» Source data:
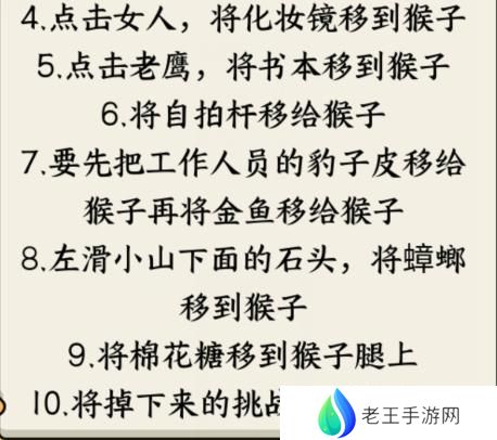 7、要先把工作人员的豹子皮移给猴子再将金鱼移给猴子
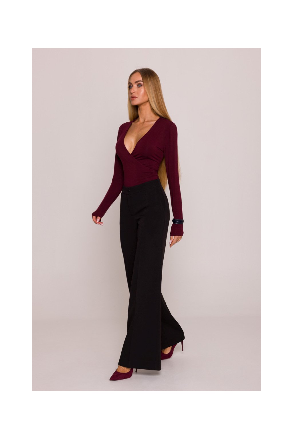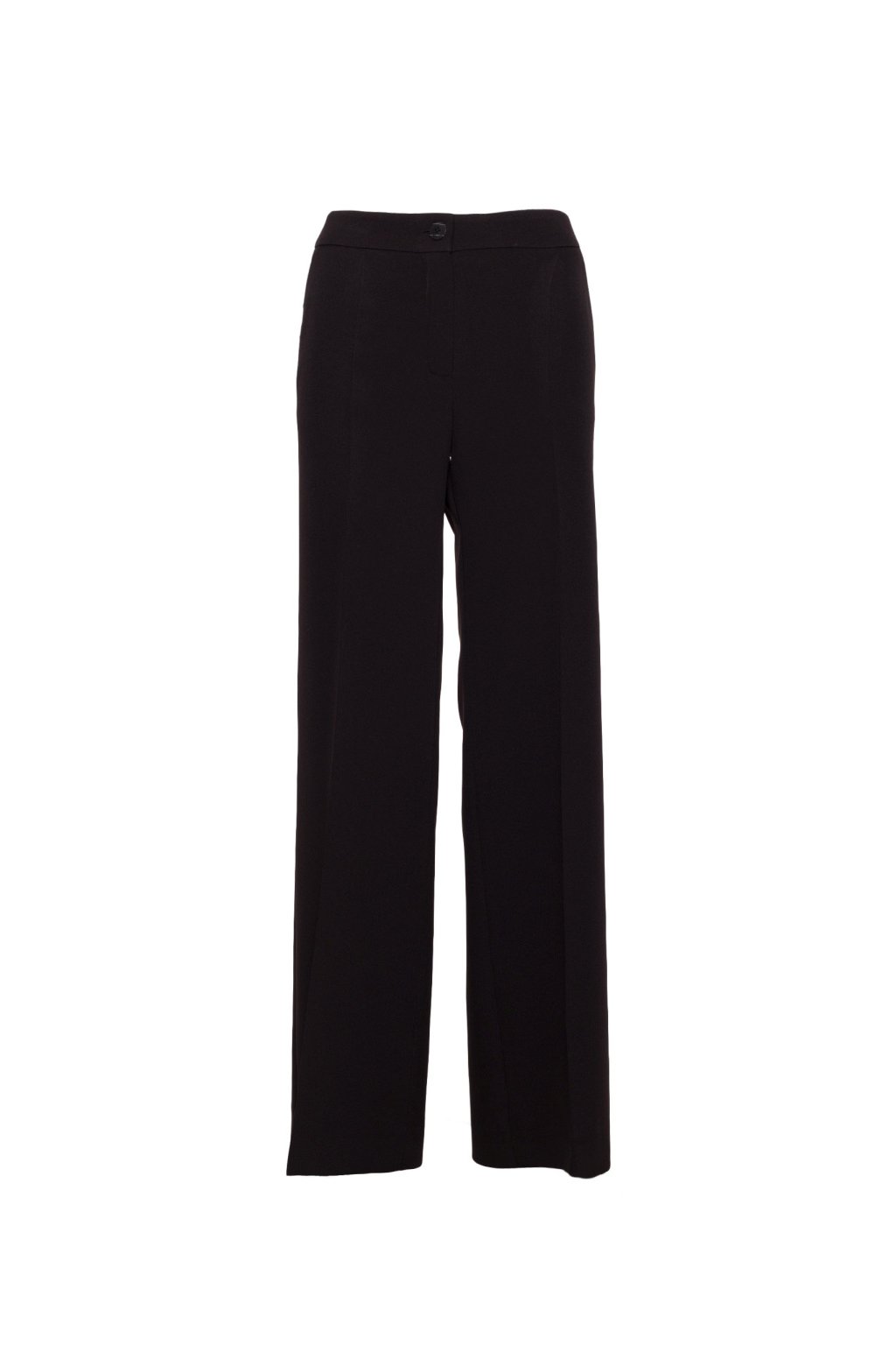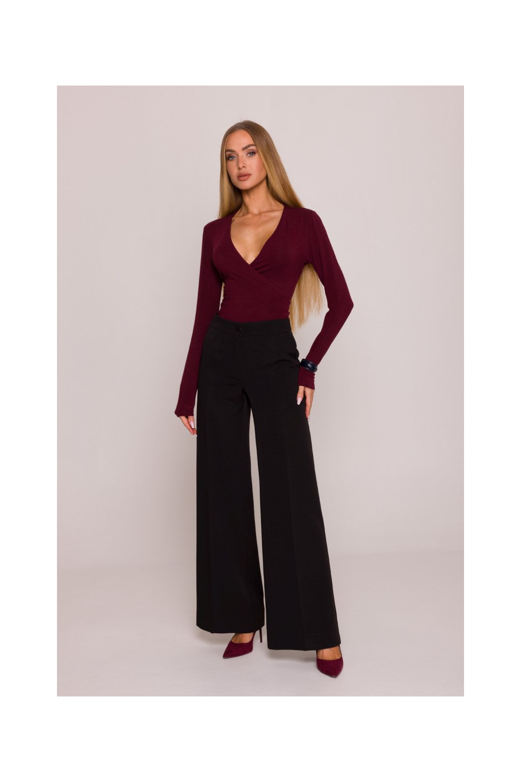 Společenské kalhoty klasického střihu. Středně vysoký pas, úzké přes boky, široké nohavice s výraznými puky. Zapínání knoflík a skrytý zip, postranní kapsy. Hladký materiál s matným povrchem.
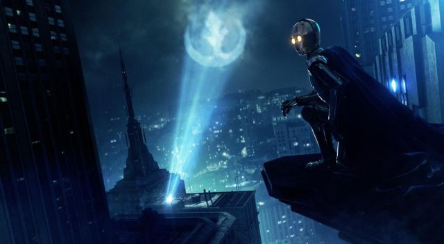 JJ no podía dejarlo estar y siguió mostrando a un C·3PO batmanizado y respondiendo a la llamada de la Bat-señal pero esta vez con el símbolo rebelde…
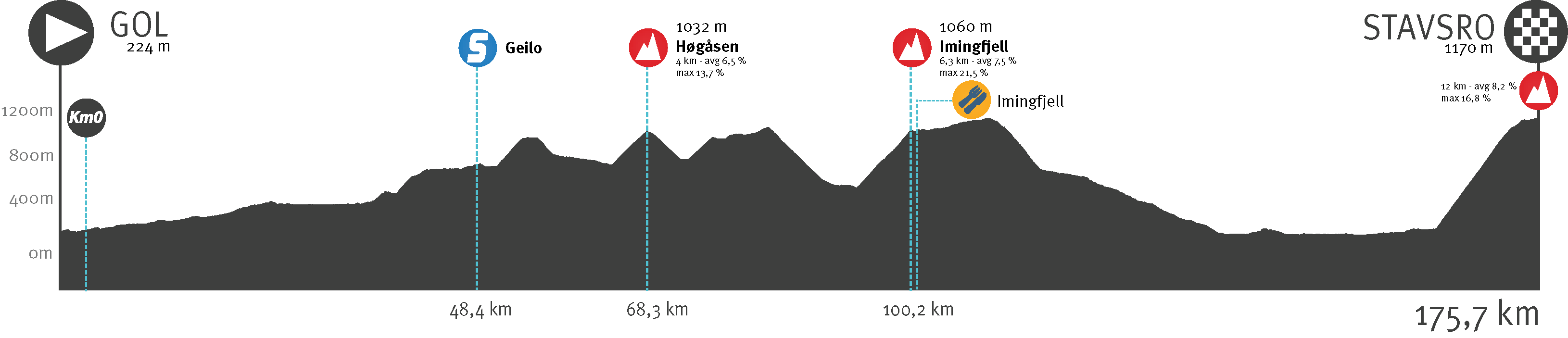 3ª: Jueves 26 mayo. Gol – Stavsro/Gaustatoppen, 175,7 km

» Problem: Leave the images out as you retype each line of the material exactly.

» Response to this task:
 7、要先把工作人员的豹子皮移给猴子再将金鱼移给猴子
 Společenské kalhoty klasického střihu. Středně vysoký pas, úzké přes boky, široké nohavice s výraznými puky. Zapínání knoflík a skrytý zip, postranní kapsy. Hladký materiál s matným povrchem.
 JJ no podía dejarlo estar y siguió mostrando a un C·3PO batmanizado y respondiendo a la llamada de la Bat-señal pero esta vez con el símbolo rebelde…
 3ª: Jueves 26 mayo. Gol – Stavsro/Gaustatoppen, 175,7 km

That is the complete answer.